Mormons in Sports: Former college QB suits up for mission field
Typically, Mormon football players serve their two-year LDS missions before starting their college careers, or they go after one year.
Nick Graziano of Moraga, Calif., played his entire college career first and is now learning Portuguese at the Missionary Training Center in Provo, Utah. The former college quarterback is going to preach the gospel in the Brazil Porto Alegre mission.
As a sophomore at Campolindo High School, Graziano, started out playing running back and linebacker, but moved to quarterback when the junior varsity QB was promoted to the varsity squad. Graziano was so good that coaches kept him in the pocket. Graziano threw for 5,991 yards and 71 touchdowns in two seasons and was an all-state selection as a senior. He was showered with all kinds of recognition, honors and accolades.

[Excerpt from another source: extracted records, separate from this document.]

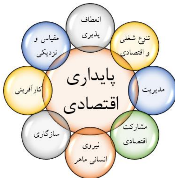
شکل ۱. ابعاد پایداری اقتصادی

مقیاس و نزدیکی: بسیاری از اقتصاددانان از صرفه‌های مقیاس به‌عنوان ملاک عملی برای تشخیص درجه رقابت یا انحصاری بودن بازارها استفاده می‌کنند (خداداد کاشی، ۱۳۸۶، ص. ۱). مشارکت اقتصادی: امروزه مشارکت به‌عنوان رهیافتی کارآمد، نقش مهمی در دستیابی به معیشت پایدار و برقراری نظام پایدار اقتصادی در جوامع ایفا می‌کند. در واقع رهیافت مشارکت با فراهم آوردن بستر همکاری و ایجاد جریان اطلاعاتی در بخش‌های مختلف تولید، خدمات و بازرگانی، زمینه مناسبی را جهت استمرار و پایداری نظام اقتصاد جوامع به‌وجود می‌آورد (شایان و همکاران: ۱۳۹۱، ص. ۹۵). تغییر و تحول (انعطاف‌پذیری): در پایان قرن بیستم تولید انعطاف‌پذیر جای خود را به تولید انبوه داده است. در عصر کنونی با تغییر شیوه‌های تولید، چهره زندگی دگرگون خواهد شد. تولید انعطاف‌پذیر فلسفه‌ای متفاوت دارد که در آن رابطه بین قیمت، تعداد، کیفیت و سود برقرار می‌گردد که با تفکرات گذشته متفاوت است. گفته می‌شود مشکل کمبود زمین یکی از دلایل شکل‌گیری سیستم تولید انعطاف‌پذیر است. توانایی خلق مزیت نسبی و رقابتی در محیط پویا و پر تحول صنعت امروزی یک ارزش است. تولید انعطاف‌پذیر سیاست نسبتاً جدیدی است که توسط شرکت‌های موفق برای توسعه و افزایش رقابت به کار گرفته می‌شود (فرهمند و همکاران، ۱۳۹۳، ص. ۴).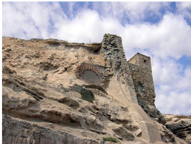
Resto del fuerte del Rosario.

E n principio el fuerte del Rosario estaba aislado del fuerte Victoria Grande y se comunicaba mediante un ramal subterráneo, más tarde se construyó un muro con aspilleras que los unían y después del asedio de 1.774-1.775 del sultán de Marruecos Muley Mohamed , ante la necesidad de reforzar las defensas de la ciudad, se transformó dicho muro en una batería. En este fuerte fueron abatidos muchos soldados y oficiales estando de guardia por franco tiradores guelayenses, así el día 22 de septiembre de 1.865 , al salir del fuerte, en la misma puerta, una traicionera descarga de fusilería, hace caer muerto al instante, a Tomás Gómez Guijarro , capitán de la 3ª compañía del batallón Disciplinario. En esta época gobernaba la Plaza el brigadier de infantería Bartolomé Benavides y Campuzano (1.864-1.866).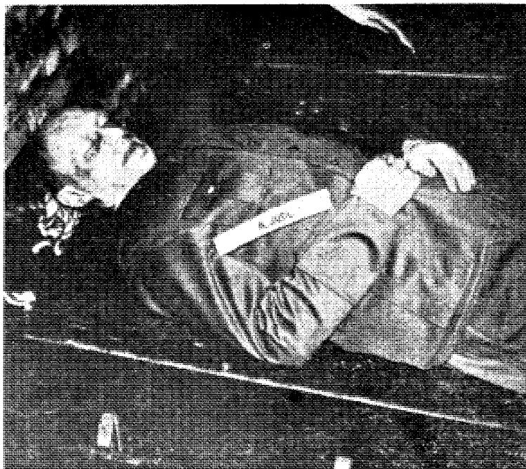
Kort tid etter at general Jodl gav disse opplysninger om Adolf Hitler ble han hengt av seierherrene. Døds-kampen varte i femten minutter, sier det svenske øyenvitne.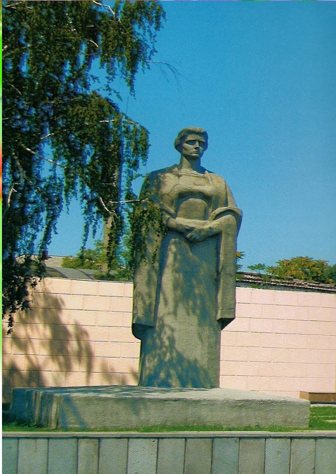
Г. Краснодар, Площадь Памяти Героев.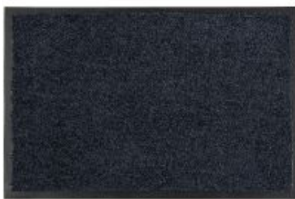
Proper Tex Uni - schwarz | 044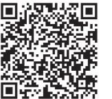
▲土砂災害ハザードマップ

【メモ】「土砂災害警戒区域」とは、茨城県が指定基準をもとに、土砂災害のおそれがある区域を指定しています。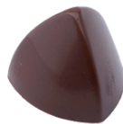
Pflaumen Portwein Marzipan (alkoholhaltig*)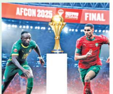
ယနေ့ထုတ် ပစ္စည်းတွေ့ဆည်းရာတွင် မြက်ပြာအထူးကုဏ္ဍအမျိုး(၄)မျက်နှာပါရှိသည်။

လန်ဒန် ဇန်နဝါရီ ၁၅ အာဖရိကနိုင်ငံများဖလား ဘောလုံးပြိုင်ပွဲဗိုလ်လုပွဲစဉ်တွင် ဆီနီဂေါအသင်းနှင့် မော်ရိုကိုအသင်းတို့ ထိပ်တိုက်တွေ့ဆုံလျက်ရှိသည်။ အာဖရိကနိုင်ငံများဖလား ဆီမီးဖိုင်နယ်အဆင့်တွင် ဆီနီဂေါအသင်းက အီဂျစ်အသင်းအား တစ်ဂိုး၊ မိုးရိုဖြင့်လည်းကောင်း၊ မော်ရိုကိုအသင်းက နိုင်ဂျီးရီးယားအသင်းအား ပင်နယ်တီအဆုံးအဖြတ် လေးဂိုး၊ နှစ်ဂိုးဖြင့်လည်းကောင်း အသီးသီးအနိုင်ရရှိကာ ဗိုလ်လုပွဲအဆင့်သို့ တက်ရောက်ခဲ့ခြင်းဖြစ်သည်။ အာဖရိကနိုင်ငံများဖလား ဗိုလ်လုပွဲစဉ်အဖြစ်လာမည့် ဇန်နဝါရီ ၁၉ရက် နံနက် ၁နာရီခွဲတွင် ဆီနီဂေါအသင်းနှင့် မော်ရိုကိုအသင်းတို့ ယှဉ်ပြိုင်ကစားသွားမည်ဖြစ်သည်။ အာဖရိကနိုင်ငံများဖလား ပြိုင်ပွဲတွင် ဗိုလ်ခွဲမည့်အသင်းသည် ဆုကြေးငွေ အဖြစ် ဒေါ်လာ ၁၀ သန်း ရရှိသွားမည်ဖြစ်ပြီး၊ မော်ရိုကိုအသင်းက ဗိုလ်ခွဲရန် ရေပန်းစားလျက်ရှိကြောင်း သိရသည်။ (NGB)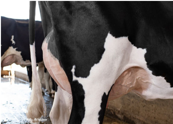
PROGENESIS OUTL WINTERBERRY GRANDDAM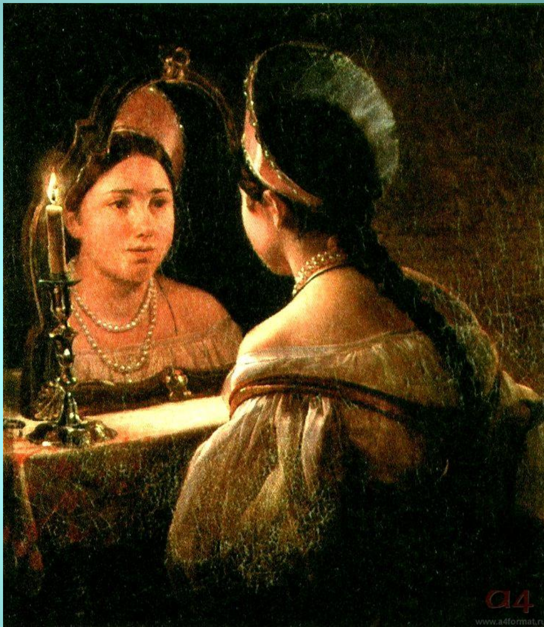
Карл Брюллов. Гадающая Светлана.

Вот красавица одна; К зеркалу садится; С тайной робостью она В зеркало глядится; Темно в зеркале; кругом Мертвое молчанье; Свечка трепетным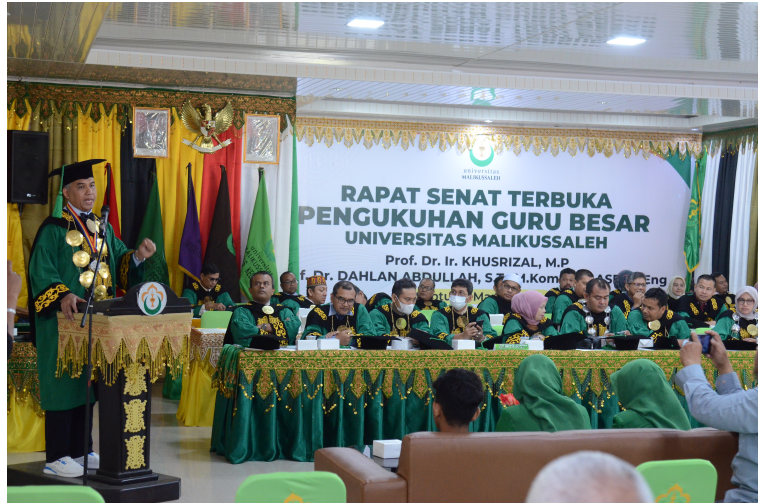
Rektor Unimal Kukuhkan Dua Guru Besar Baru.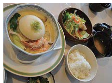
かぶら蒸しは冬限定メニューですね

★クイズ正解者へのプレゼントは…1名様にごはん屋 I B U K I のお食事券 (2,000円) でした。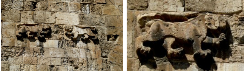
Res. 5. Bâbu'l-Esbât'ın (Aslanlı Kapı) Genel Görünümü ve Cephesinde Yer Alan Pars Tasvirleri Detayı. ( https://www.davamizkudus.org/blog/kudus-surlarindaki-kapilar/ ).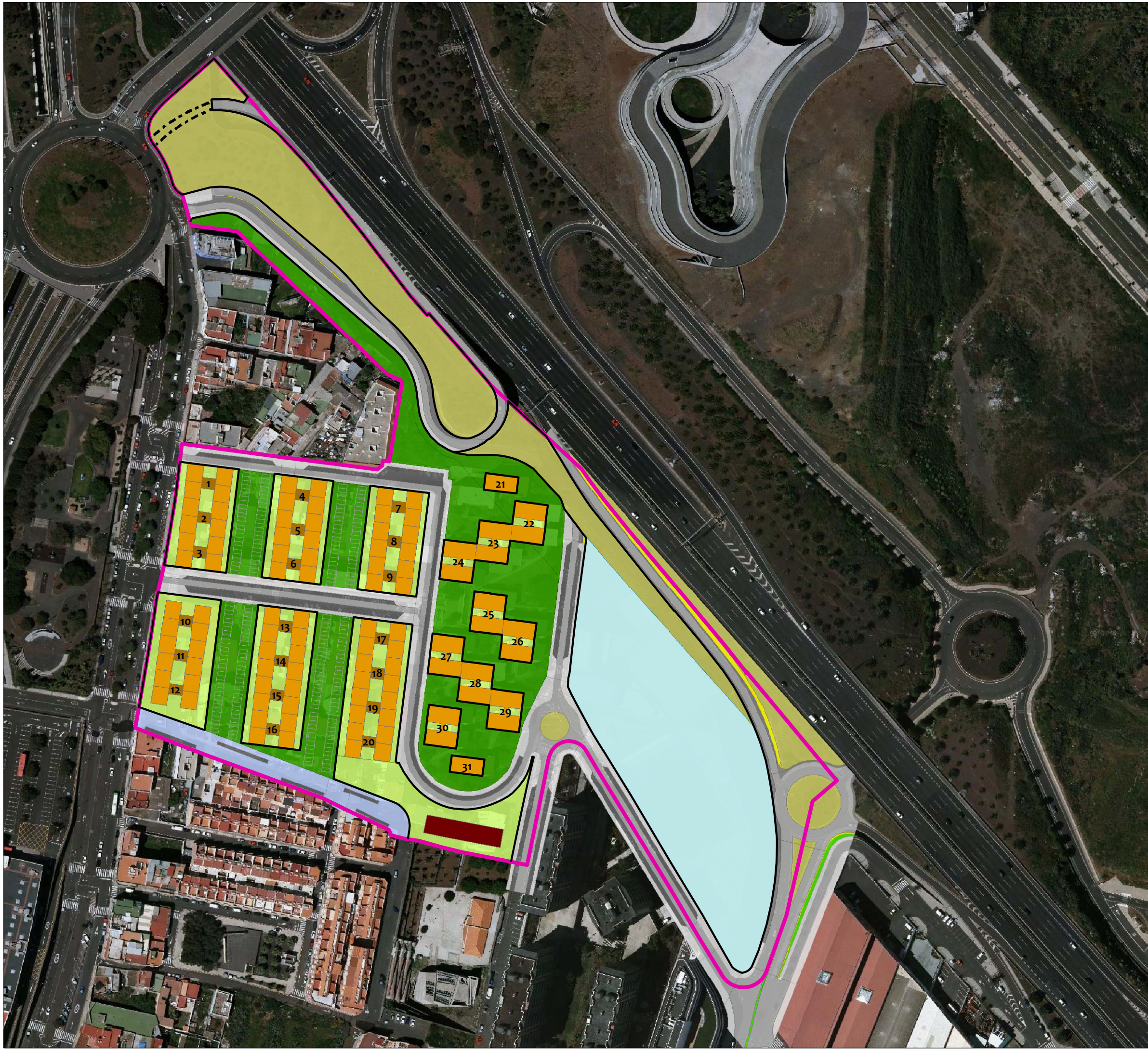
IMAGEN DE LA EDIFICACIÓN

Each summer during high school, according to the Mercury News, Graziano and his teammates attended football camps at the University of Nevada-Reno and coach Chris Ault eventually offered Granziano a scholarship.
Things went well at first. Graziano, 6-foot-1, 220-pounds, made his debut in the fall of 2006 and played in eight games. He became the starter for Wolfpack in 2007, but only played in five games before suffering a season-ending foot injury against Fresno State. He was replaced by talented freshman Colin Kaepernick, which marked the end of his career at Nevada. (Kaepernick became a 4-year starter and is now in his rookie season as the backup quarterback with the San Francisco 49ers.)
Following the 2008 season, Graziano was ready to transfer. He and some roommates began looking for potential schools on the Internet. “One of them looked at me and said, ‘Hey Graz, why don’t you go be a Wonder Boy?’ ” he told Espinoza. Less than a week later, “Graz” was bound for Arkansas Tech University in Russellville, Ark.
Within days, the California kid had fallen in love with the southern lifestyle and drawl. Graziano went on to lead the Wonder Boys to their first playoff victory in years and was named a Division II all-American. He threw for more than 4,300 yards and 38 touchdowns in 12 games and was named a top-three finalist for the Harlon Hill trophy, Division II’s equivalent of the Heisman. He finished third.
“I guess it was where I was meant to go,” said Graziano, an Eagle Scout. “I can see how it was meant to be, just from the experiences I had.”
His days in the Ozarks over, Graziano returned to Nevada to earn his degree in civil engineering and worked out for NFL teams. Despite interest from San Francisco and Dallas, Graziano decided it was time to serve a mission for The Church of Jesus Christ of Latter-day Saints.
Before he left, Espinoza compared Graziano’s situation to Kaepernick’s. Graziano said he has no regrets.
“I guess he’s serving football and I’m serving God,” Graziano told the Mercury News. “He’s doing what he wants to do and I’m doing what I want to do.”